### Task goal
Repeat the listing verbatim. Drop any pictures.

### Source records
--------------------

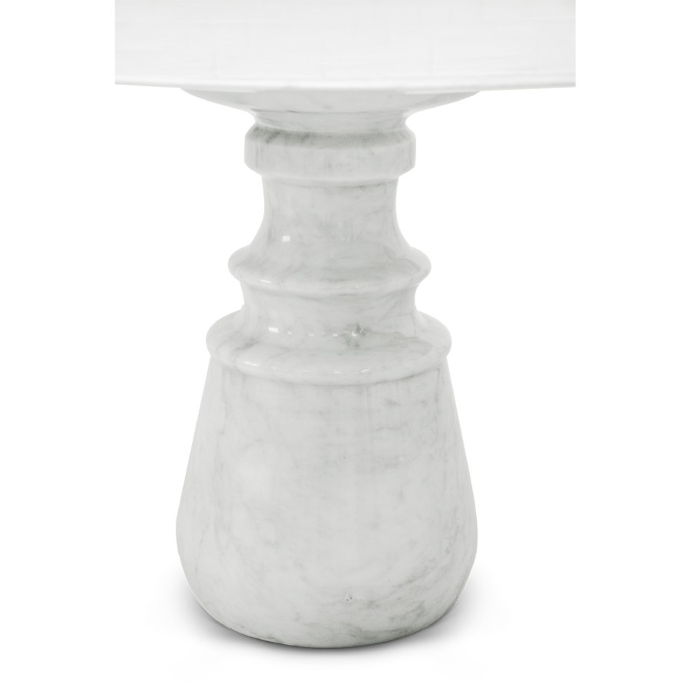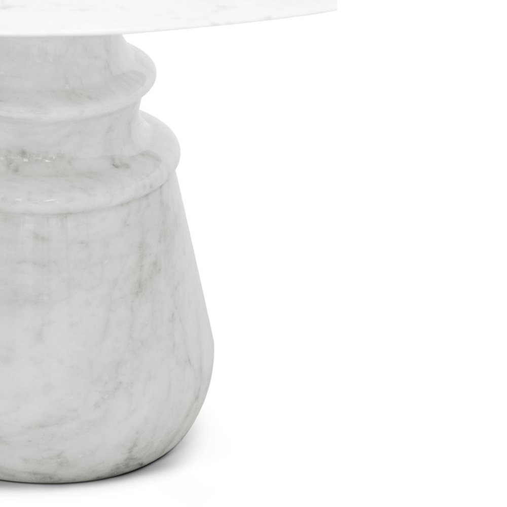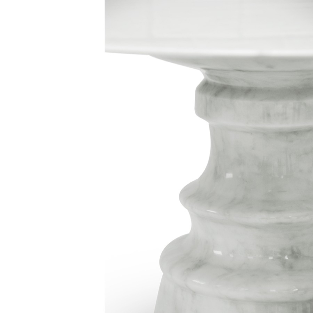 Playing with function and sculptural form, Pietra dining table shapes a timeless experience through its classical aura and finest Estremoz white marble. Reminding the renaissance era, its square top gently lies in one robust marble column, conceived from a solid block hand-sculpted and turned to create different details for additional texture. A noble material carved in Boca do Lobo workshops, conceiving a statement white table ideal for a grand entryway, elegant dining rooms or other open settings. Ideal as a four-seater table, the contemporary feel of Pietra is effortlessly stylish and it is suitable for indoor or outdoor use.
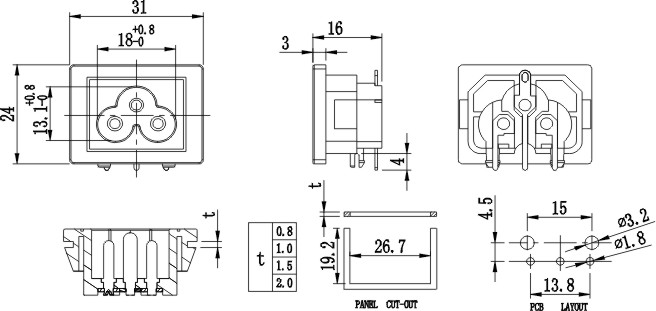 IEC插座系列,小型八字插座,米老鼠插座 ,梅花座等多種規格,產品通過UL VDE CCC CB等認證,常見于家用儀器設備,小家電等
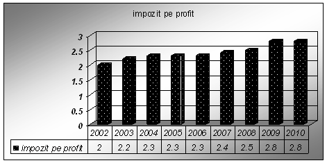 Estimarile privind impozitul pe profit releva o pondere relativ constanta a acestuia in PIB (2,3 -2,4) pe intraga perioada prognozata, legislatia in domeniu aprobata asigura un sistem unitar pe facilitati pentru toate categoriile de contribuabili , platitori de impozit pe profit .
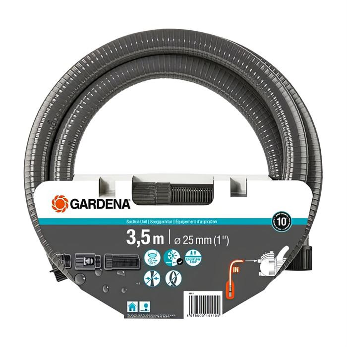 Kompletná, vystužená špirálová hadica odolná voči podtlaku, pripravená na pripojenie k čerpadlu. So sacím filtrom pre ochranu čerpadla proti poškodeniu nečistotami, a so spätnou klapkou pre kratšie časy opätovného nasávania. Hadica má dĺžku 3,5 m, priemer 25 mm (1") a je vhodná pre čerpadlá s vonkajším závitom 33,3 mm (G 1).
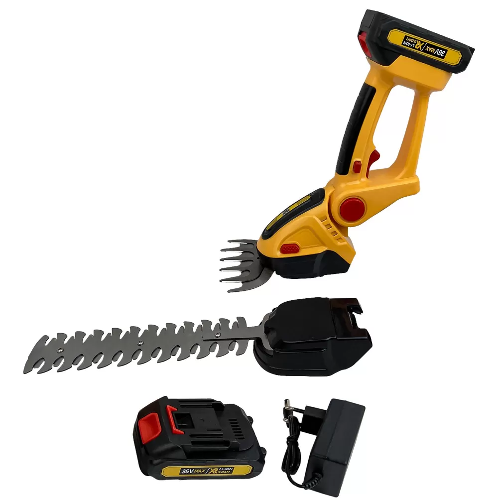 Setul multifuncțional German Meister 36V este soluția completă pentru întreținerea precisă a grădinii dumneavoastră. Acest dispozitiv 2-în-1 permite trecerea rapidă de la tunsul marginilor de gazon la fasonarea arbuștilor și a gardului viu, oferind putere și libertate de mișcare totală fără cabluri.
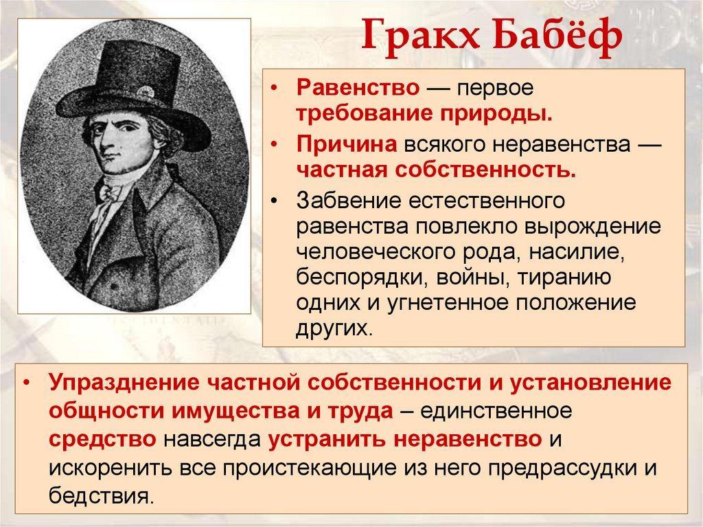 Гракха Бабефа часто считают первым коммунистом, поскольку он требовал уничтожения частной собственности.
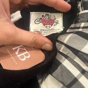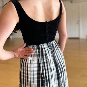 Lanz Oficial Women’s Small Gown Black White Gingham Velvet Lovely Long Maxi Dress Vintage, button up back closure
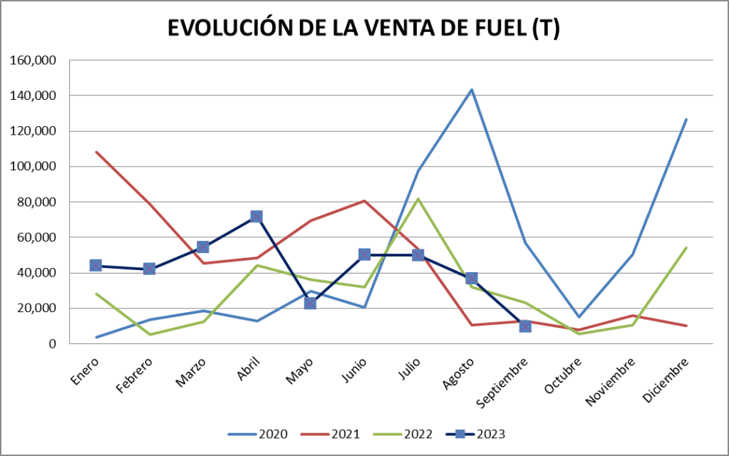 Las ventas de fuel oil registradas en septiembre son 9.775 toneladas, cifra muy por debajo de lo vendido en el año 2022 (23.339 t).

--------------------

### Task answer
 Playing with function and sculptural form, Pietra dining table shapes a timeless experience through its classical aura and finest Estremoz white marble. Reminding the renaissance era, its square top gently lies in one robust marble column, conceived from a solid block hand-sculpted and turned to create different details for additional texture. A noble material carved in Boca do Lobo workshops, conceiving a statement white table ideal for a grand entryway, elegant dining rooms or other open settings. Ideal as a four-seater table, the contemporary feel of Pietra is effortlessly stylish and it is suitable for indoor or outdoor use.
 IEC插座系列,小型八字插座,米老鼠插座 ,梅花座等多種規格,產品通過UL VDE CCC CB等認證,常見于家用儀器設備,小家電等
 Estimarile privind impozitul pe profit releva o pondere relativ constanta a acestuia in PIB (2,3 -2,4) pe intraga perioada prognozata, legislatia in domeniu aprobata asigura un sistem unitar pe facilitati pentru toate categoriile de contribuabili , platitori de impozit pe profit .
 Kompletná, vystužená špirálová hadica odolná voči podtlaku, pripravená na pripojenie k čerpadlu. So sacím filtrom pre ochranu čerpadla proti poškodeniu nečistotami, a so spätnou klapkou pre kratšie časy opätovného nasávania. Hadica má dĺžku 3,5 m, priemer 25 mm (1") a je vhodná pre čerpadlá s vonkajším závitom 33,3 mm (G 1).
 Setul multifuncțional German Meister 36V este soluția completă pentru întreținerea precisă a grădinii dumneavoastră. Acest dispozitiv 2-în-1 permite trecerea rapidă de la tunsul marginilor de gazon la fasonarea arbuștilor și a gardului viu, oferind putere și libertate de mișcare totală fără cabluri.
 Гракха Бабефа часто считают первым коммунистом, поскольку он требовал уничтожения частной собственности.
 Lanz Oficial Women’s Small Gown Black White Gingham Velvet Lovely Long Maxi Dress Vintage, button up back closure
 Las ventas de fuel oil registradas en septiembre son 9.775 toneladas, cifra muy por debajo de lo vendido en el año 2022 (23.339 t).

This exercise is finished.